Both these new rate scales apply to income derived in the income year ended 31 March 1972 (or equivalent balance date). They are also adopted by the Annual Act 1972 in respect of tax on income derived in the 1972/73 income year.

Insurance Underwriters

Section 39 makes no substantive change in the existing law relating to insurance underwriters. For many years they have been liable to tax on a taxable income calculated as 10 percent of gross premiums and the tax rate applicable to that taxable income has been the maximum rate for resident companies which gave an effective tax rate of 5% of the gross premiums. This amendment merely formalises the rate as 50c in the $ on the taxable income.
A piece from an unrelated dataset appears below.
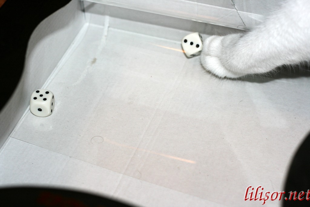 Fiecare participant corespondea unei cifre, iar primul zar scos din cutie care arăta cifra corespondentă unui participant, câştiga. A mers doar pentru primul câştigător, juriul era somnoros. Apoi am adoptat tactica: primul zar pe care se năpusteÅŸte pisica, ăla e! E tot un fel de random.org, dar mai animalic…

Continuation of Tax Incentives

Section 40 replaces the existing Third Schedule to the principal Act with a new Schedule. This new Schedule contains the extended terminating dates for all the taxation incentives listed. In addition it contains a brief description of each particular connectional deduction instead of just the Act section reference as previously. The Schedule of the new terminating dates is set out at the end of this Bulletin.

Minor Drafting Amendments

Section 41 makes two very minor reference corrections.

Tax Deductions from the Superannuation Benefit

Section 42 authorises the Social Welfare Department to make payment of the tax deductions now being made from the Universal Superannuation benefit in one sum on the 31 March each year.

New PAYE Tax Deduction Tables

Section 43 and the First Schedule to the Amendment (No 2) Act provide for the new weekly PAYE tax deduction tables in respect of salary and wages, secondary employment earnings (now 19c) and shearer's daily earnings over $8.

These new tables and rates take into account the 10 percent reduction from 1 July 1972 (7 1/2 percent for the full year) announced in the Budget and have the same effect as the arrangements brought into force by the Land and Income Tax Amendment Act 1972.

Provisional Tax for 1972/73

Section 44 deals with the calculation and payment of provisional tax for the current year 1972/73. This is necessitated by the changes in special exemptions, rebates and tax races from those applying in the 1971/72 income year which would normally provide the basis for 1972/73 provisional tax. The changes which may be taken into account, in the calculation of 1972/73 provisional tax are-

  • Reduction of the child exemption to $35 for the 1973 year.
  • Withdrawal of this exemption and the dependent relative exemption for tax code purposes.
  • The extended dividend rebate.
  • The reduced rebate in respect of Universal Superannuation.
  • The classifying of the Universal Superannuation as a source deduction payment.
  • The general 7 1/2 percent rebate from income tax which may be deducted wholly from the first instalment.

None of these changes apply to a company.

The Department has produced a new form IR 3P to assist taxpayers in the calculation or recalculation of their 1972/73 provisional tax. It is available at any post office or office of the Department. However, taxpayers if they prefer, may use the basis set out in the 1972 tax return, form IR 3, in calculating their 1973 provisional tax. Whatever is paid by way of provisional tax is of course subject to adjustment when the 1973 return is furnished.